De son côté l'Union européenne a relevé à 210 millions d'euros, contre 150 précédemment, l'enveloppe allouée aux compensations financières en faveur des producteurs de légumes confrontés à un effondrement de leurs ventes suite à l'épidémie.
"Le temps n'est pas encore venu de lever l'alerte", a annoncé le ministre Daniel Bahr, mais "le plus dur est maintenant derrière nous au niveau national".
"Après l'analyse des données et des chiffres fournis par l'Institut (de veille sanitaire) Robert-Koch, nous avons des raisons d'afficher un optimisme modéré", a ajouté M. Bahr, qui avait indiqué plus tôt dans la matinée: "les chiffres de nouvelles infections baissent de manière continue".
"Cela veut dire qu'il peut certes y avoir de nouveaux cas, et malheureusement aussi des morts supplémentaires, mais le nombre de nouvelles infections baisse de manière sensible", selon lui
Mardi, l'Institut Robert Koch avait signalé pour la première fois "un léger repli du nombre des nouveaux cas" alors que plus de 2.600 personnes ont été infectées, dont 75% dans le nord du pays.
Il a précisé mercredi ignorer si ce recul s'expliquait par la baisse drastique de la consommation de légumes crus, en particulier des concombres, des tomates et des salades.
Le bilan est toutefois monté à 25 morts, dont 24 en Allemagne, après que l'Etat régional de Basse-Saxe (nord) eut signalé un nouveau décès mercredi.
Les recherches se poursuivaient pour identifier l'origine de la contamination par une souche rare et très virulente de la bactérie E.coli entérohémorragique (Eceh) qui se traduit par des diarrhées sanglantes et peut déboucher sur des troubles rénaux parfois mortels (syndrome appelé SHU).

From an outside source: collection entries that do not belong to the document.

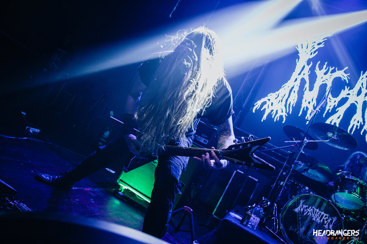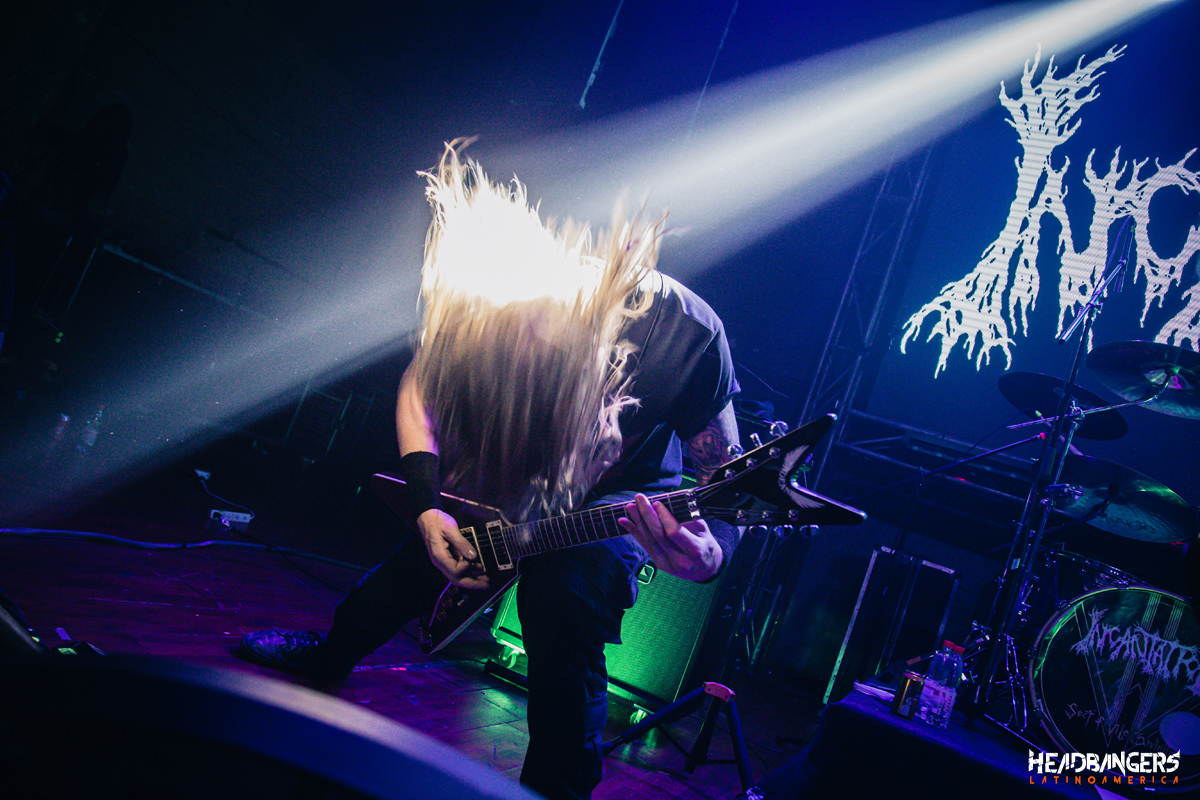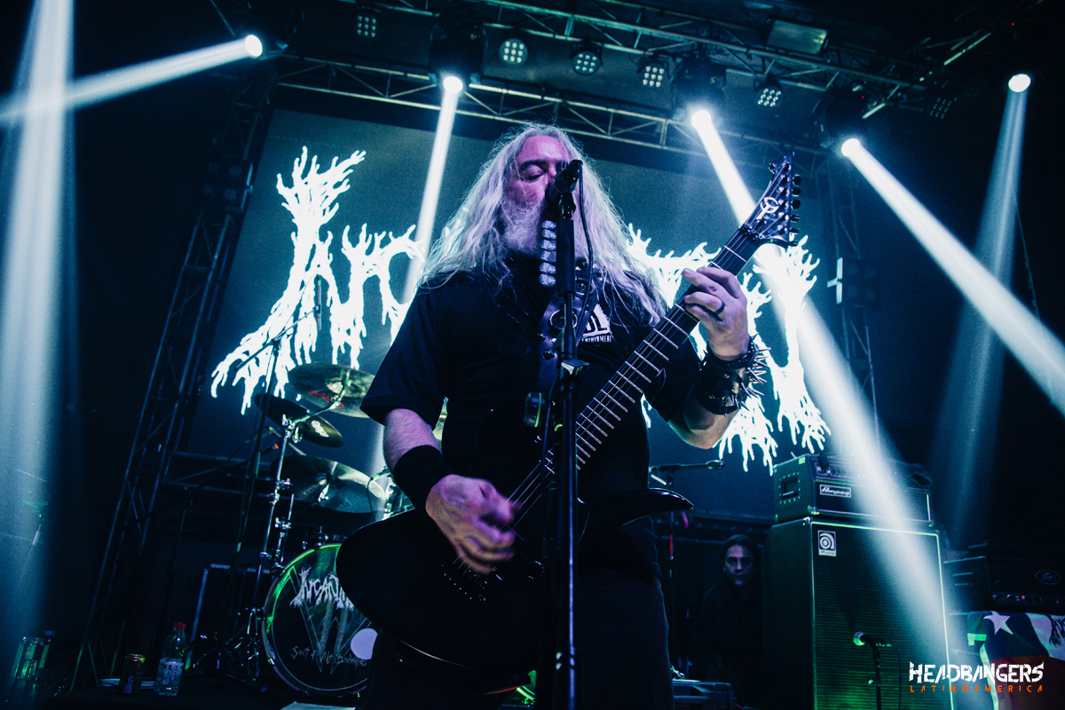 Luego vendría el turno de los estadounidenses de Incantation a eso de las 20:00 hrs. se apagan las luces y salen al escenario con ‘Propitiation’, ‘Ethereal Misery’ el recinto comenzaba a llegar al tope de su aforo, John McEntee solo sonreía y agradeció al público por la gran cantidad de cariño que recibieron apenas se subieron al escenario, luego de una pequeña presentación la banda nos vuelve a subir con Death Metal puro y directo con ‘Carrion Prophecy’ y ‘Entrails Of The Hag Queen’, ‘Emaciated Holy Figure’, ‘Forsaken Mourning of Angelic Anguish’, John McEntee totalmente atónito, por el enorme cariño y locura que recibe por parte del recinto completamente lleno quienes gritan y cantan “In-can-tation” a todo pulmón.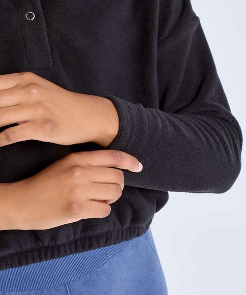 Cropped pull-over fleece with high neck. 1/4 neck popper fastenings to front. Elasticated waistband. We recommend using block out vinyl and inks.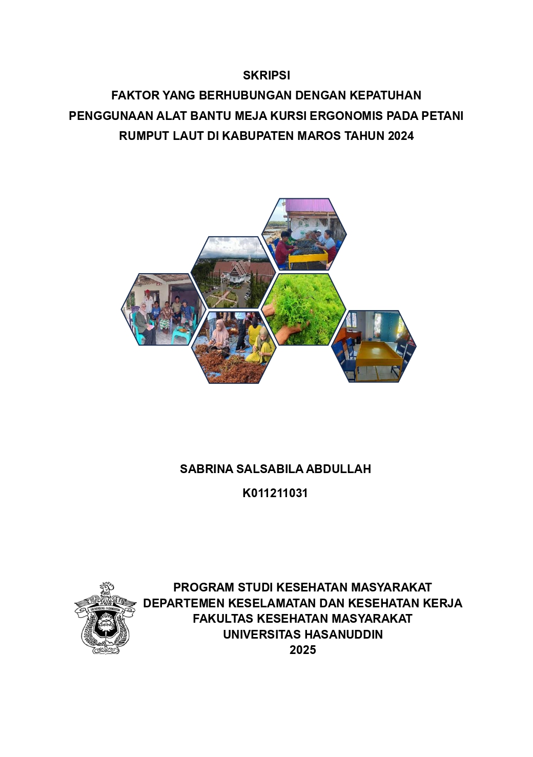 ABDULLAH, SABRINA SALSABILA (2025) Faktor yang Berhubungan dengan Kepatuhan Penggunaan Alat Bantu Meja Kursi Ergonomis pada Petani Rumput Laut di Kabupaten Maros Tahun 2024 = Factors Associated with Compliance in the Use of Ergonomic Tools among Seaweed Farmers in Maros Regency in 2024. Skripsi thesis, Universitas Hasanuddin.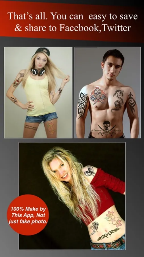 More realistic with transparent & color change function (RBG Mode), When a your picture with tattoo is good looking,it easy to save images & share to Twitter, Facebook.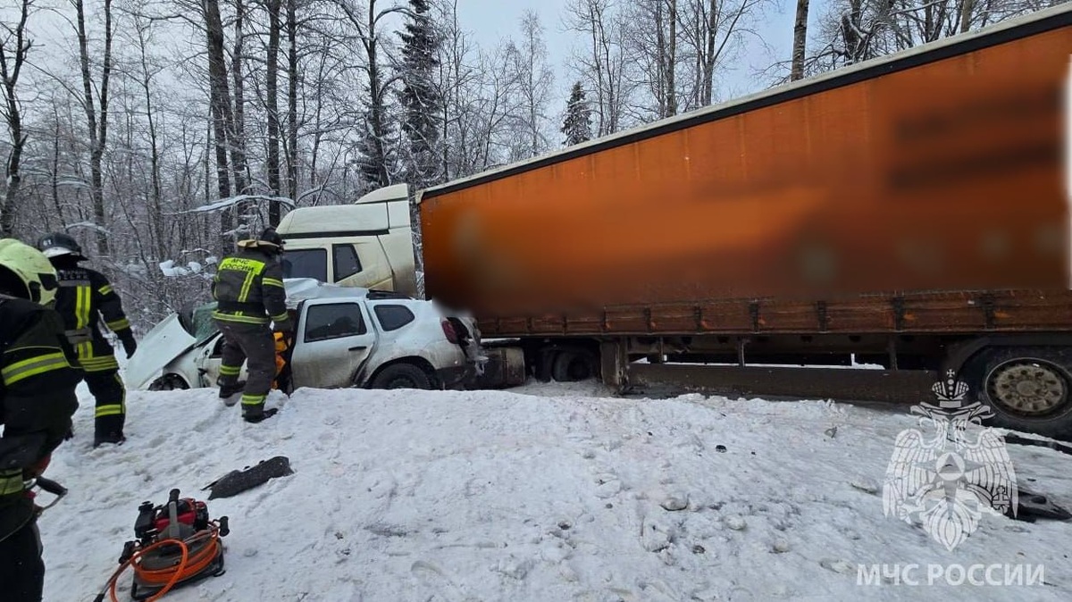 На федеральной трассе произошло смертельное дорожно-транспортное происшествие. Четвертого февраля около половины одиннадцатого утра на 433-м километре автодороги «Вологда-Тихвин-Р21 «Кола»» в сторону Новой Ладоги столкнулись три автомобиля. По предварительным данным, авария произошла в момент обгона. Легковой автомобиль «Рено Дастер» двигался из Тихвина в сторону Новой Ладоги. При выполнении маневра машина выехала на полосу встречного движения. Именно на встречке и произошло первое столкновение. «Рено» столкнулся лоб в лоб с грузовым автомобилем «ФАВ», который двигался навстречу. От удара грузовик изменил траекторию и врезался в другой грузовой автомобиль - «ДАФ», следовавший в том же направлении. В результате этого происшествия водитель «Рено Дастер», мужчина 46 лет, получил тяжелые травмы, несовместимые с жизнью. Он скончался на месте до приезда медиков. Сотрудники ГИБДД и следователи проводят проверку, чтобы установить все детали и причины случившегося. Фото: ГУ МЧС России по

Des résultats d'analyse sur des graines germées issues d'une exploitation horticole du nord de l'Allemagne étaient toujours attendus.
Mais "dans la plupart des cas d'Eceh, dans 80% des cas, la source d'infection n'est jamais identifiée", a rappelé Daniel Bahr.
Les ministres régionaux et fédéraux chargés de la Santé et de la Protection des consommateurs, ainsi que des responsables sanitaires et le commissaire européen à la Santé John Dalli se sont réunis dans un grand hôtel berlinois.
"Face à cette épidémie, on ne saurait trop insister sur l'importance de la rigueur scientifique, d'une communication transparente et coordonnée, et d'une enquête approfondie", a dit M. Dalli, précisant que l'Allemagne avait eu raison de sonner l'alarme.
La communication de l'Allemagne, avec son système fédéral et des ministres différents dans chaque Land (Etat régional), apparaît brouillonne et le ministre Daniel Bahr a concédé qu'il fallait "l'améliorer".
Certains, comme l'Espagne et la Belgique, ont accusé l'Allemagne d'alarmisme, avec des conséquences financières chiffrées en centaines de millions d'euros pour les agriculteurs européens.
Le commissaire européen à l'Agriculture, Dacian Ciolos, a d'ailleurs annoncé que Bruxelles disposait de 210 millions d'euros pour aider les maraîchers affectés par la méfiance des consommateurs.
Mardi, lors d'une réunion de ministres européens de l'Agriculture la Commission avait proposé une aide totale de 150 millions d'euros, mais ce montant avait provoqué un tollé dans le monde agricole et des protestations de plusieurs pays, comme l'Espagne, qui jugeaient l'enveloppe insuffisante.
La consommation de concombres, tomates et salades crus ainsi que de graines germées restait déconseillée par les autorités allemandes.